Azure Kubernetes Service reduces the operational burden of running Kubernetes by managing the control plane — API server, etcd, scheduler — so you don’t have to. What it doesn’t manage is everything else: node pool configuration, workload identity, storage class selection, networking topology, upgrade timing, cost governance, and security posture. The “managed” label covers a narrow slice of what actually requires operational attention.
The articles in this collection address the decisions AKS leaves to platform engineers. Identity configuration covers Workload Identity Federation — why it’s more complex than service account tokens and where credentials still leak despite federation. Storage articles examine what happens to PVCs when node pools get replaced and which storage classes survive real restore scenarios. Networking content covers multi-cluster hub-spoke topologies and when mesh complexity becomes justified rather than premature.
Cluster upgrades are a recurring theme because the documentation describes them optimistically. Cordon and drain behavior, Pod Disruption Budget configuration that actually prevents downtime rather than just satisfying a checkbox, and multi-node-pool rollout strategies that make upgrades reproducible rather than heroic one-off events.
Cost governance gets specific attention because resource limits are not a cost strategy.
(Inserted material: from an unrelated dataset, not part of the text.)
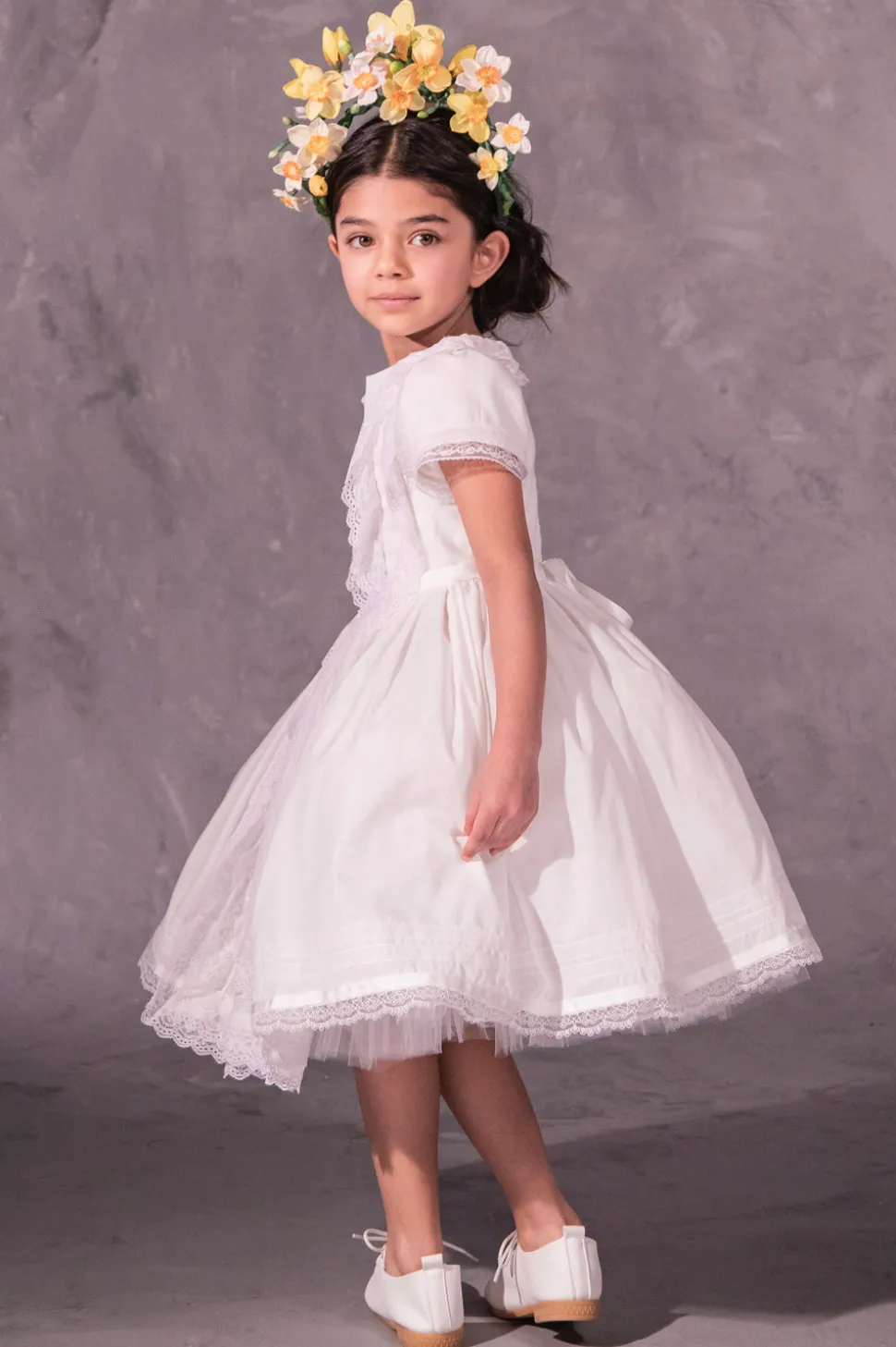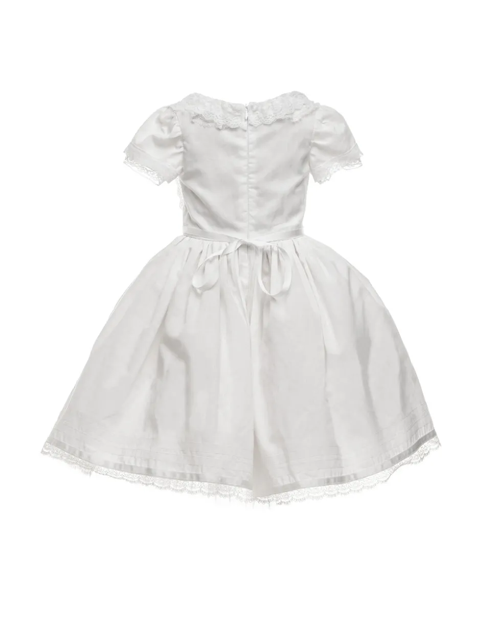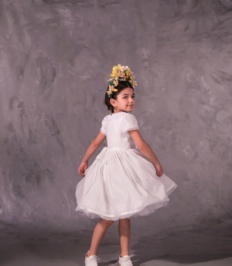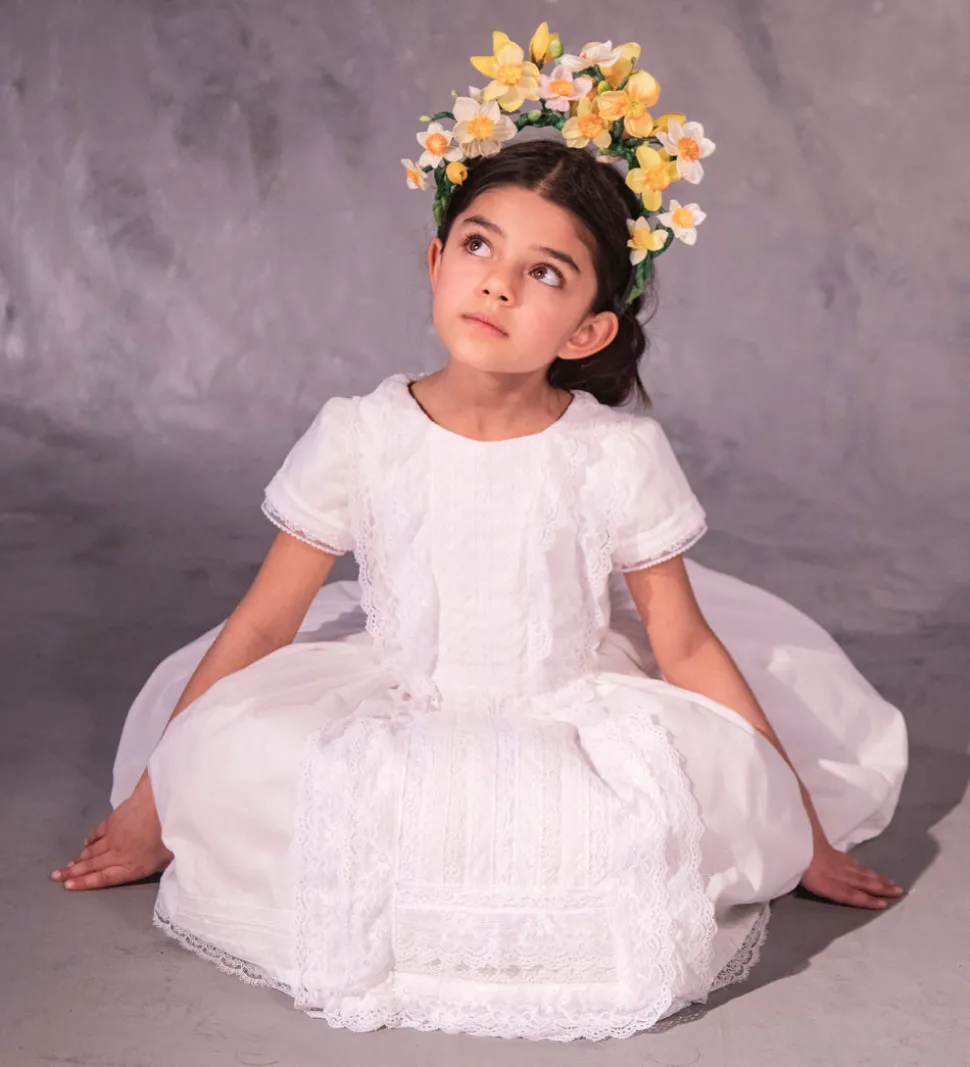 Doloris Petunia creates a made-to-order luxury experience for any child’s most special occasions. Designed in Brooklyn, this brand celebrates childhood with a modern aesthetic and couture detailing, helping children explore who they are and bring their dreams into being. The Clementine in White is a provincial charmer. Reminiscent of a classic European countryside wedding, this lightweight cotton batiste dress is accented with lace trims throughout the delightful silhouette.

Node pool design decisions, spot VM integration without reliability regressions, and FinOps tagging that produces actionable attribution are each covered with the trade-offs named explicitly.
At scale — clusters above a few hundred nodes — AKS behavior changes in ways that smaller clusters don’t expose. etcd limits under high object churn, network saturation, observability overhead that compounds with cluster size, and cost patterns that emerge from early architectural decisions are addressed in articles grounded in production experience rather than constructed scenarios.